While most people know what champagne is and how to enjoy one, connoisseurs know there are several different types of champagne, each of them with its own characteristics and taste varieties, and all of them made according to the official Champagne method (or méthode champenoise) and coming from the Champagne region of France.

Champagne is at its core a sparkling wine, one of the most famous wines in the world. But the process of making it is complex and it’s also what gives Champagne its special character.

The traditional method involves the distillation of grapes into still wine, and then getting it through a second distillation process after adding yeast and sugar to the wine, creating carbon dioxide and lees.

Lees, which are yeast leftovers, is then removed from the bottles and replaced with a solution of wine and sugar.

The entire process takes between several months and several years, which is the reason for the high price of Champagne. Also, this cherished beverage is made only in a certain region of Northern France and only from specific types of grapes specific to that region, adding to the uniqueness.

The end result, depending on all those types of grapes, the amount of added sugar, the producers and their subtle differences in the making process, is one of the several possible types of Champagne, detailed below.

Champagne Types By Regional Classification

France’s picturesque Champagne region is home to 324 charming villages, each of them contributing to the region’s exceptional reputation for producing world-class sparkling wines.

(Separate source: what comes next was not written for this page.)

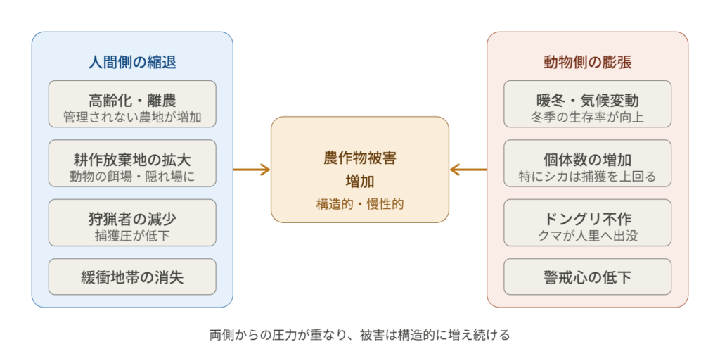 ぜ被害は増え続けるのか?人間側の縮退と動物側の膨張が同時に進行している。

These lovely little villages and their vineyards are classified into three distinguished categories: Grand Cru, Premier Cru, and Autre Cru.

Autre Cru

Nowack Les Arpents Rouges Autre Cru Champagne
Nowack Les Arpents Rouges Autre Cru Champagne / pacengoto.com

Autre Cru means “other crus”, which is Champagne made from another region than the Premier and Grand Cru below. As the name implies, it’s the least cherished region, but that doesn’t mean the Champagne produced from these vineyards isn’t going to be good.

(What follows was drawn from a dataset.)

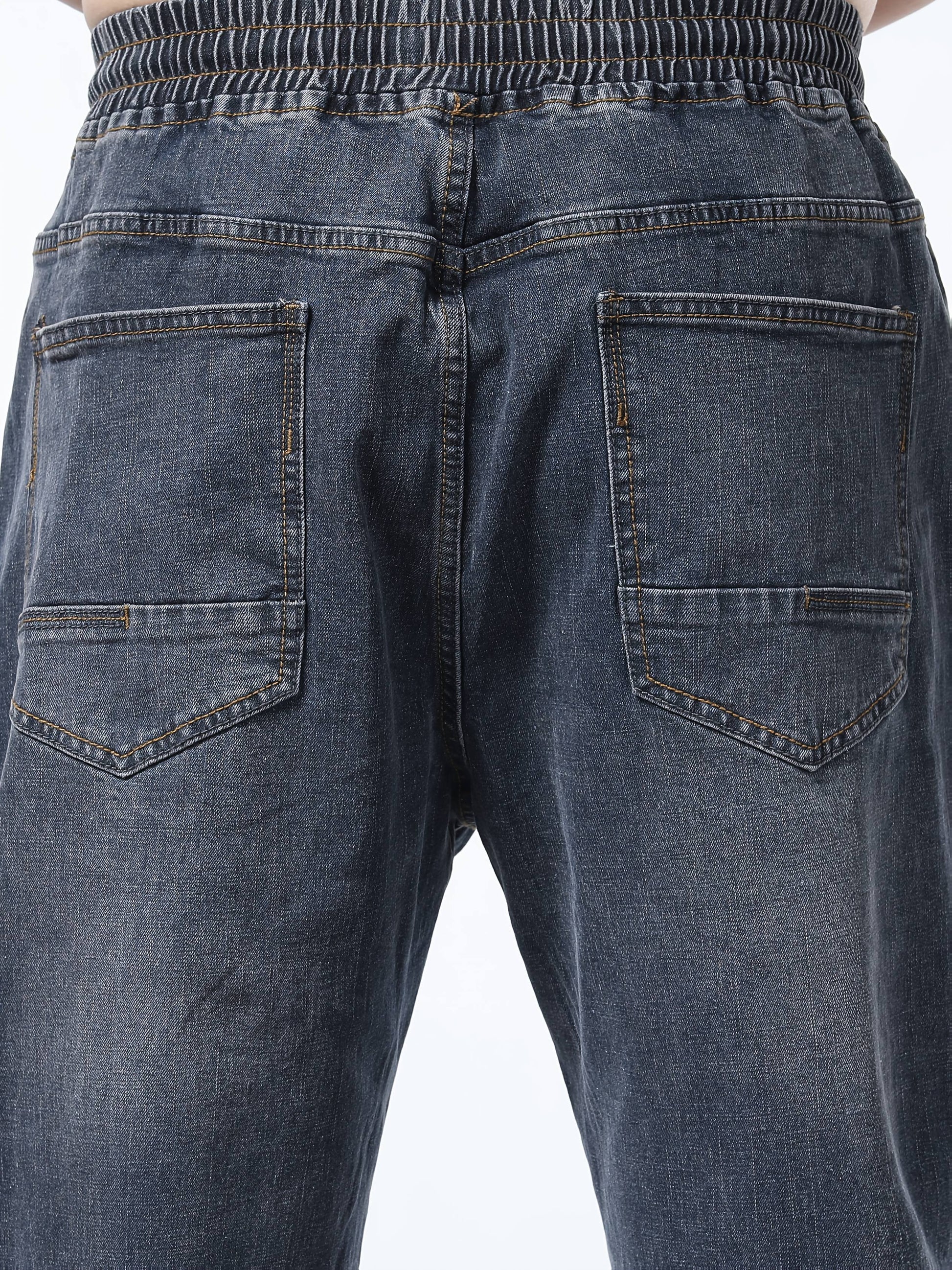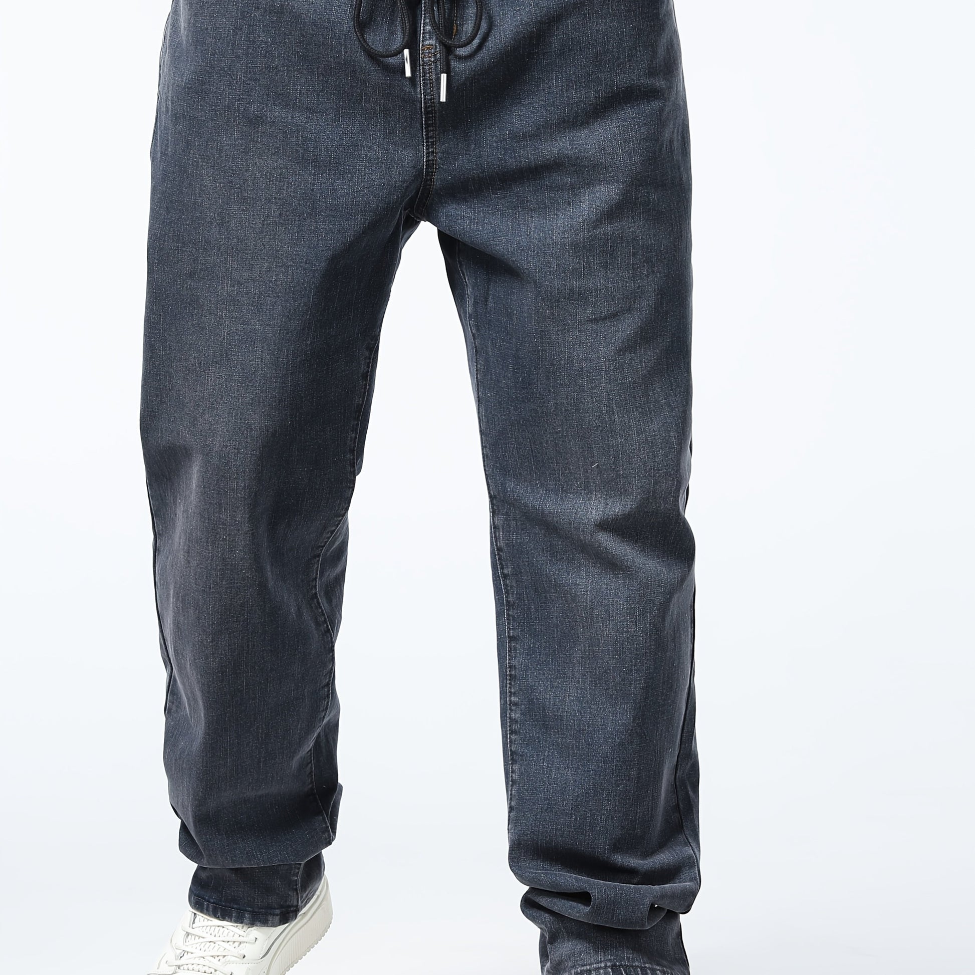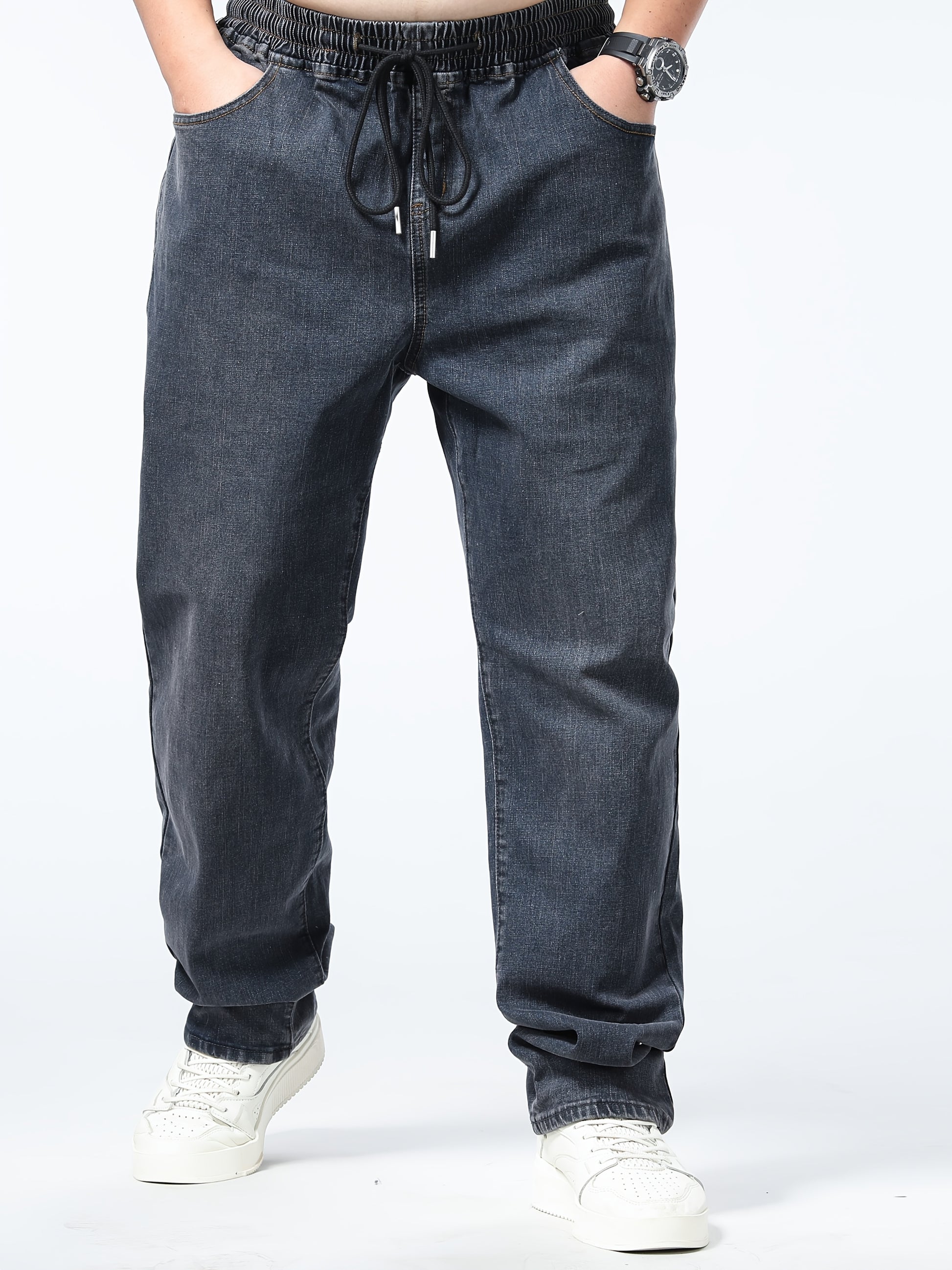 Plus Size Men's Casual Jeans Loose Fit Straight Leg Elastic Waist Rayon Blend Denim

The classification score for Autre Cru is around 80% to 89%, below the Grand and the Premier Cru, but sometimes, grape production is better in these Autre Cru vineyards than in the other ones. Currently, Autre Cru spreads over 264 villages.

Premier Cru

J Lassalle Premier Cru Brut Champagne
J Lassalle Premier Cru Brut Champagne / kermitlynch.com

Moving up the Champagne ranks we’ve got the Premier Cru, which means “first growth”. The region comprises of 43 villages, 22% of the land for Champagne production, and reaches a score of 90 to 99%.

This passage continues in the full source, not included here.